Content-Transfer-Encoding: 7bit
Archived-At: <https://mailarchive.ietf.org/arch/msg/ippm/wqemoPYinjtOuEm5gkyB1enru4U>
Subject: Re: [ippm] [Rpm] lightweight active sensing of bandwidth and buffering
X-BeenThere: ippm@ietf.org
X-Mailman-Version: 2.1.39
Precedence: list
List-Id: IETF IP Performance Metrics Working Group <ippm.ietf.org>
List-Unsubscribe: <https://www.ietf.org/mailman/options/ippm>, <mailto:ippm-request@ietf.org?subject=unsubscribe>
List-Archive: <https://mailarchive.ietf.org/arch/browse/ippm/>
List-Post: <mailto:ippm@ietf.org>
List-Help: <mailto:ippm-request@ietf.org?subject=help>
List-Subscribe: <https://www.ietf.org/mailman/listinfo/ippm>, <mailto:ippm-request@ietf.org?subject=subscribe>
X-List-Received-Date: Wed, 02 Nov 2022 20:38:02 -0000

I used iperf 2's Little's law calculation to find the buffer sizes 
designed in by our hardware team(s).

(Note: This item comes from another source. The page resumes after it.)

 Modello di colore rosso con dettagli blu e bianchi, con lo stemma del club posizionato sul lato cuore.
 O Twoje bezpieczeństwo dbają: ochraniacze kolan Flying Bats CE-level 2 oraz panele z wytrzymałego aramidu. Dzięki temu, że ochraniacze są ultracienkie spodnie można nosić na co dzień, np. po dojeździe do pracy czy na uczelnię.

They were surprised that the 
numbers exactly matched their designs - Little applied - and I never saw 
either the hardware nor its design spec.

It seems reasonable to use something if & when it works and is useful. 

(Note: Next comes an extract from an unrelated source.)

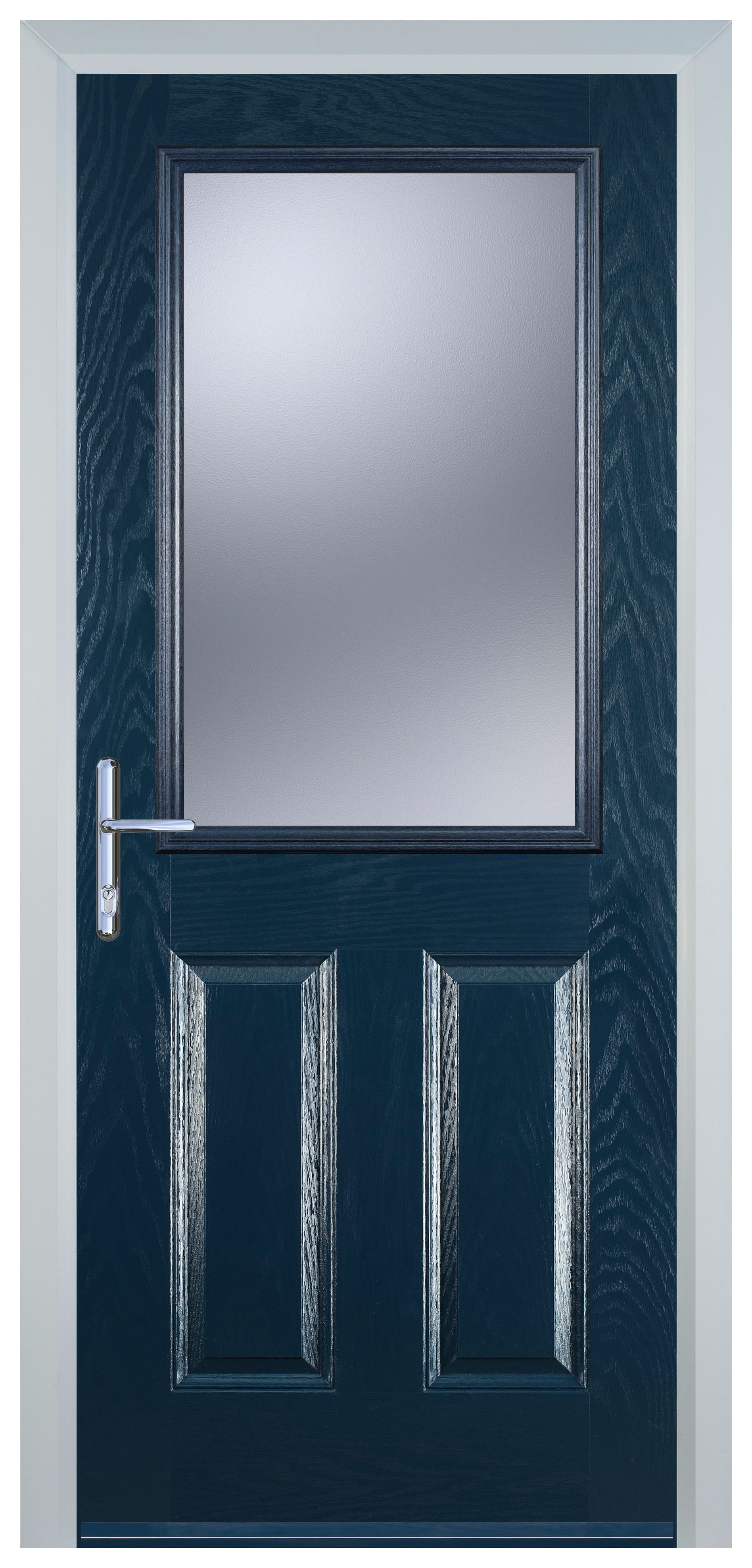 • Door leaf design features a blue external and white internal GRP skin colour, and a single glass panel in a stippolyte glass pattern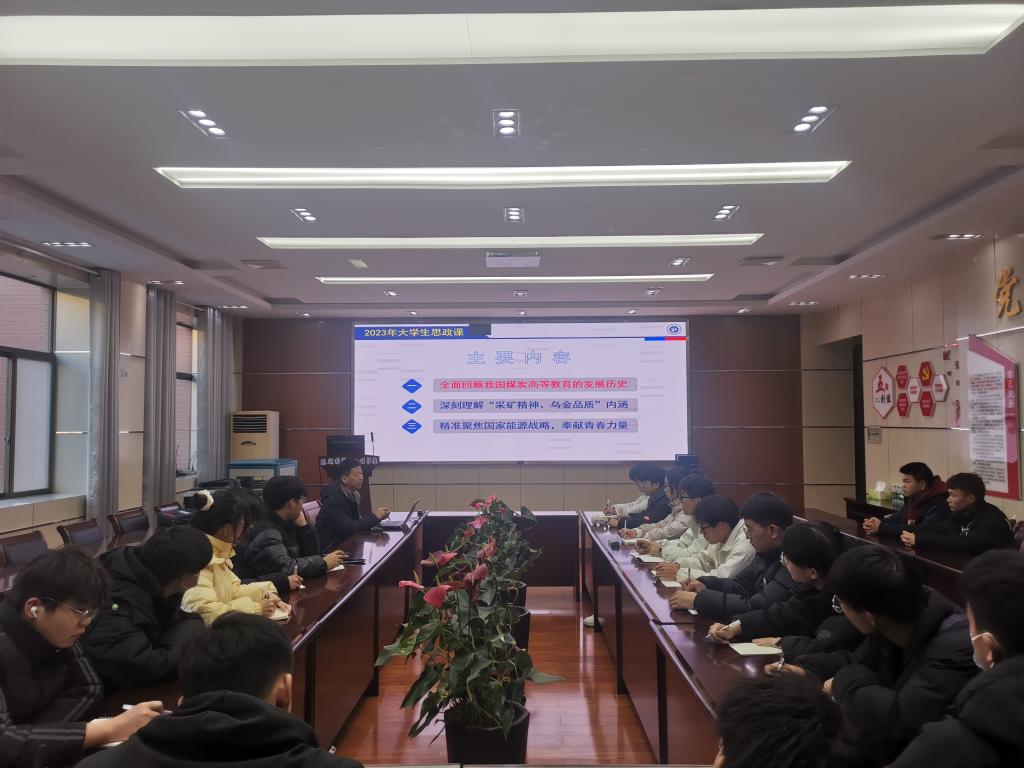 12月25日,黑料718 党委书记李怀珍在黑料718 201会议室为低学生代表讲授题为《学习历史、传承文化、服务能源、砥砺青春,为推动我国能源强国建设奉献青春智慧和力量》的思政课,2022级和2023级学生代表20余人参与听课。

The challenge seems to be knowing the limits of any claims (or 
simulations.) I think engineers do this much when we assume linearity 
over some small interval as an example in finite element analysis and 
structures: 
https://control.com/technical-articles/the-difference-between-linear-and-nonlinear-finite-element-analysis-fea/

Bob
> On Wed, Nov 2, 2022 at 12:29 PM rjmcmahon via Rpm
> <rpm@lists.bufferbloat.net> wrote:
>> 
>> Most measuring bloat are ignoring queue build up phase and rather 
>> start
>> taking measurements after the bottleneck queue is in a standing state.
> 
> +10. It's the slow start transient that is holding things back. If we
> could, for example
> open up the 110+ objects and flows web pages require all at once, and
> let 'em rip, instead of 15 at a time, without destroying the network,
> web PLT would get much better.
> 
>> My opinion, the best units for bloat is packets for UDP or bytes for
>> TCP. Min delay is a proxy measurement.
> 
> bytes, period. bytes = time. Sure most udp today is small packets but
> quic and videconferencing change that.
> 
>> 
>> Little's law allows one to compute this though does assume the network
>> is in a stable state over the measurement interval. In the real world,
>> this probably is rarely true. So we, in test & measurement 
>> engineering,
>> force the standing state with some sort of measurement co-traffic and
>> call it "working conditions" or equivalent. ;)
> 
> There was an extremely long, nuanced debate about little's law and
> where it applies, last year, here:
> 
> https://lists.bufferbloat.net/pipermail/cake/2021-July/005540.html
> 
> I don't want to go into it, again.
> 
>> 
>> Bob
>> > Bob, Sebastian,
>> >
>> > not being active on your topic, just to add what I observed on
>> > congestion:
>> > - starts with an increase of jitter, but measured minimum delays still
>> > remain constant. Technically, a queue builds up some of the time, but
>> > it isn't present permanently.
>> > - buffer fill reaches a "steady state", called bufferbloat on access I
>> > think; technically, OWD increases also for the minimum delays, jitter
>> > now decreases (what you've described that as "the delay magnitude"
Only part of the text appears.